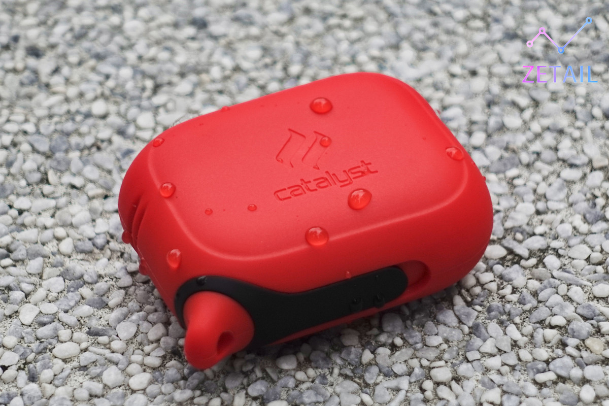 AirPods Pro 保護套的防水設計十分獨特,雖然從外觀看起來,水好像會從保護套頂部滲入,但實際上 Catalyst 很巧妙地在內部設計了「三道防線」阻擋水分流入或滲入,基本上只要不刻意掀開,保護套都不至於進水,如此周到又不著痕跡的防水設計難怪能得到 Apple 青睞。
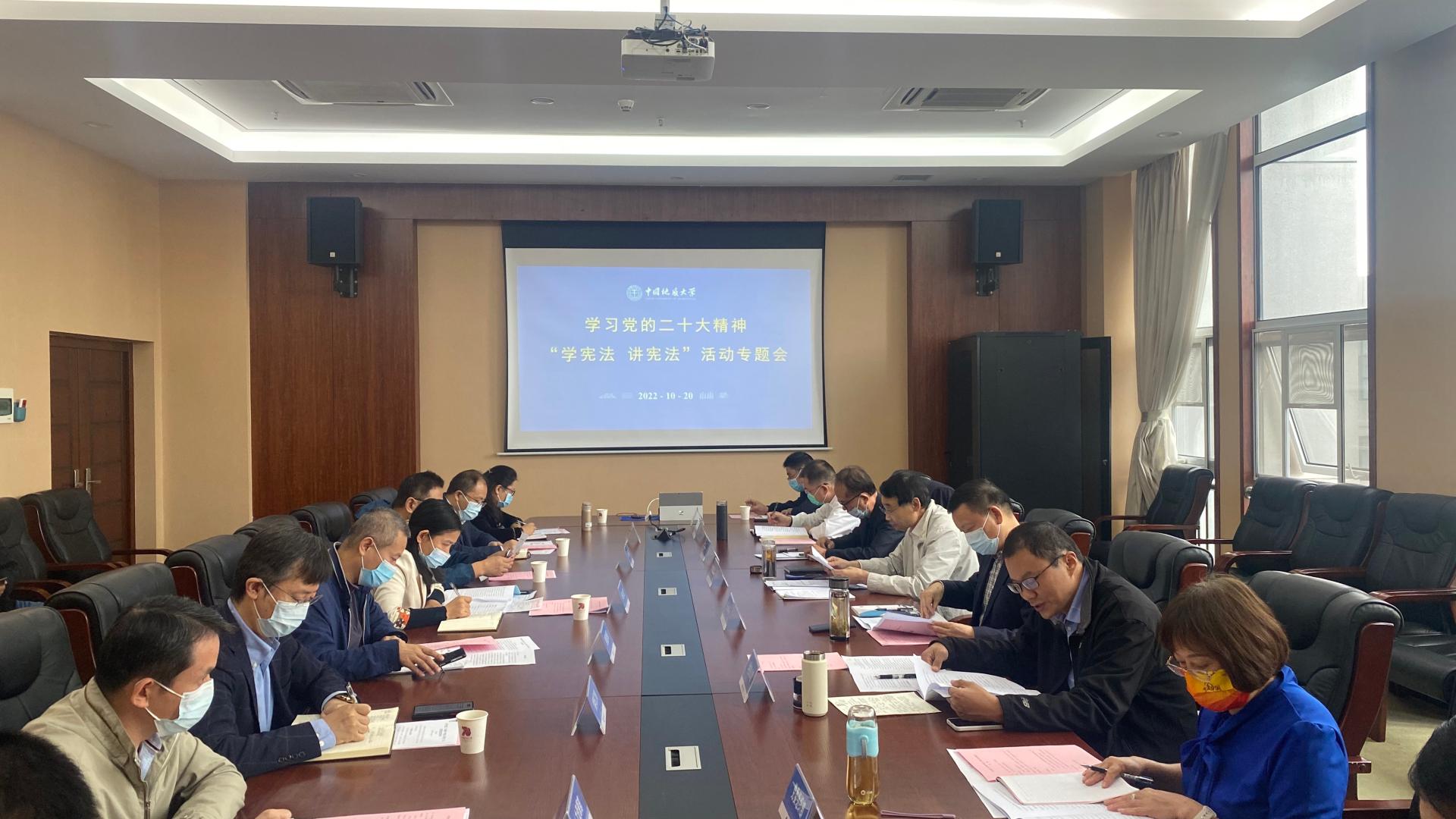 地大新闻网讯(通讯员 宫斯宁) 10月20日,学校召开学习党的二十大精神“学宪法、讲宪法”活动专题会议。党委副书记王林清、相关单位负责人及代表参加会议。综合改革与政策法规办公室主任陶继东主持会议。
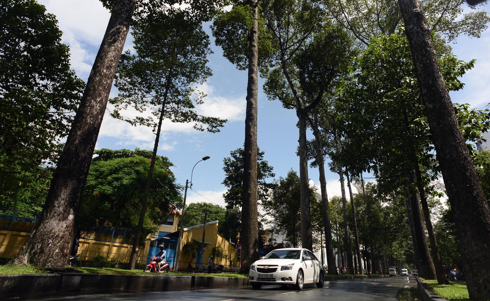 | Từ 10h sáng đến 3h chiều là đỉnh điểm của nắng gắt. Trên đường phố Sài Gòn vào thời điểm này nhiệt độ có thể lên đến gần 40 độ C. Tuy nhiên, những tuyến phố có cây xanh dày lại mát mẻ hơn nhiều. |
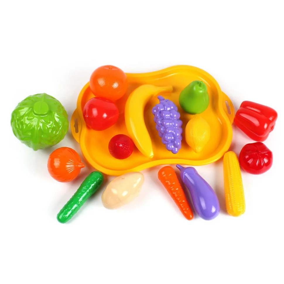 Зустрічайте нову іграшку, задовольнить бажання і дітей, і дорослих. Цікавий набір яскравих фруктів і овочів допоможе дитині вивчити форми, кольору, запам'ятати назви різних продуктів. Іграшкові фрукти, овочі можна використовувати самостійно або залучати їх до інших ігор (магазин, ресторан, візит гостей, сад-город і т. д.). У наборі є спеціальна піднос, яка чудово доповнює іграшкову їжу і різноманітить гри з нею.
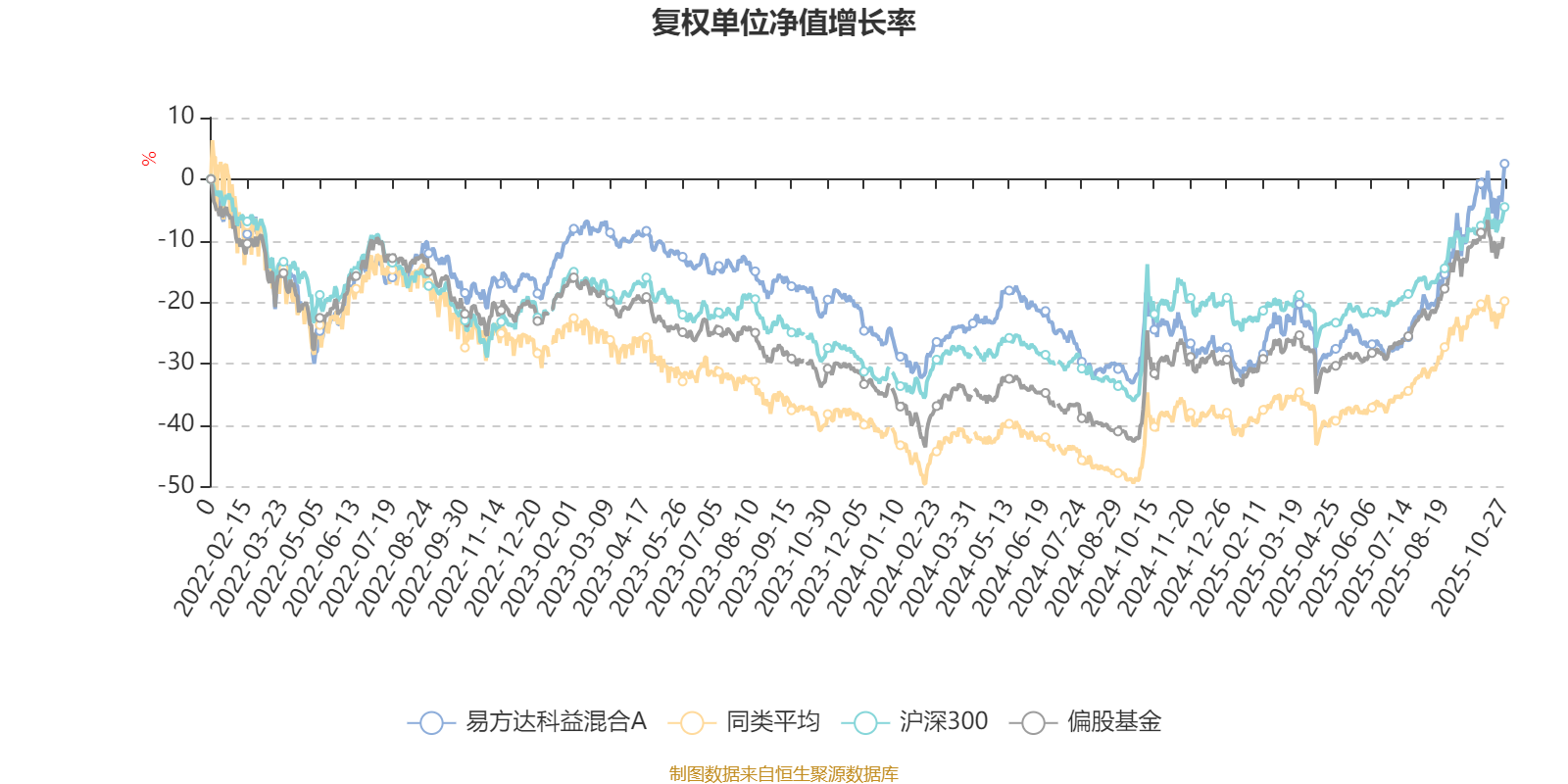 截至10月27日,易方达科益混合A近三个月复权单位净值增长率为30.95%,位于同类可比基金77/621;近半年复权单位净值增长率为41.58%,位于同类可比基金134/619;近一年复权单位净值增长率为33.69%,位于同类可比基金253/611;近三年复权单位净值增长率为26.29%,位于同类可比基金185/518。
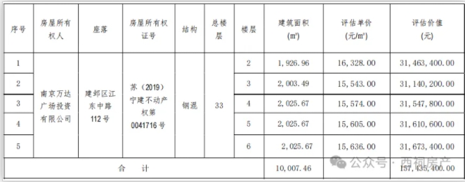 本次遭拍卖的办公楼位于建邺区江东中路112号办公楼2-6层,面积约10007.46㎡。
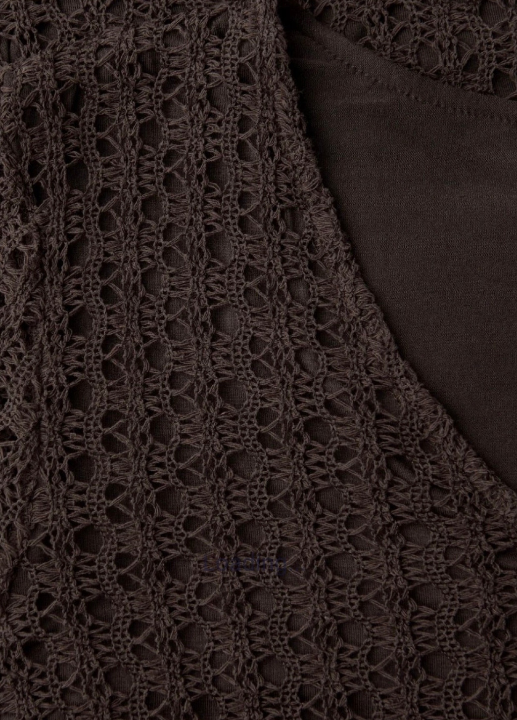 Cotton Crochet Style Dress in Brown with short sleeve and v neckline.

## REQUIRED WORK
Your reply should consist of the data, transcribed exactly, and should hold no pictures.

## RESPONSE
 AirPods Pro 保護套的防水設計十分獨特,雖然從外觀看起來,水好像會從保護套頂部滲入,但實際上 Catalyst 很巧妙地在內部設計了「三道防線」阻擋水分流入或滲入,基本上只要不刻意掀開,保護套都不至於進水,如此周到又不著痕跡的防水設計難怪能得到 Apple 青睞。
 地大新闻网讯(通讯员 宫斯宁) 10月20日,学校召开学习党的二十大精神“学宪法、讲宪法”活动专题会议。党委副书记王林清、相关单位负责人及代表参加会议。综合改革与政策法规办公室主任陶继东主持会议。
 | Từ 10h sáng đến 3h chiều là đỉnh điểm của nắng gắt. Trên đường phố Sài Gòn vào thời điểm này nhiệt độ có thể lên đến gần 40 độ C. Tuy nhiên, những tuyến phố có cây xanh dày lại mát mẻ hơn nhiều. |
 Зустрічайте нову іграшку, задовольнить бажання і дітей, і дорослих. Цікавий набір яскравих фруктів і овочів допоможе дитині вивчити форми, кольору, запам'ятати назви різних продуктів. Іграшкові фрукти, овочі можна використовувати самостійно або залучати їх до інших ігор (магазин, ресторан, візит гостей, сад-город і т. д.). У наборі є спеціальна піднос, яка чудово доповнює іграшкову їжу і різноманітить гри з нею.
 截至10月27日,易方达科益混合A近三个月复权单位净值增长率为30.95%,位于同类可比基金77/621;近半年复权单位净值增长率为41.58%,位于同类可比基金134/619;近一年复权单位净值增长率为33.69%,位于同类可比基金253/611;近三年复权单位净值增长率为26.29%,位于同类可比基金185/518。
 本次遭拍卖的办公楼位于建邺区江东中路112号办公楼2-6层,面积约10007.46㎡。
 Cotton Crochet Style Dress in Brown with short sleeve and v neckline.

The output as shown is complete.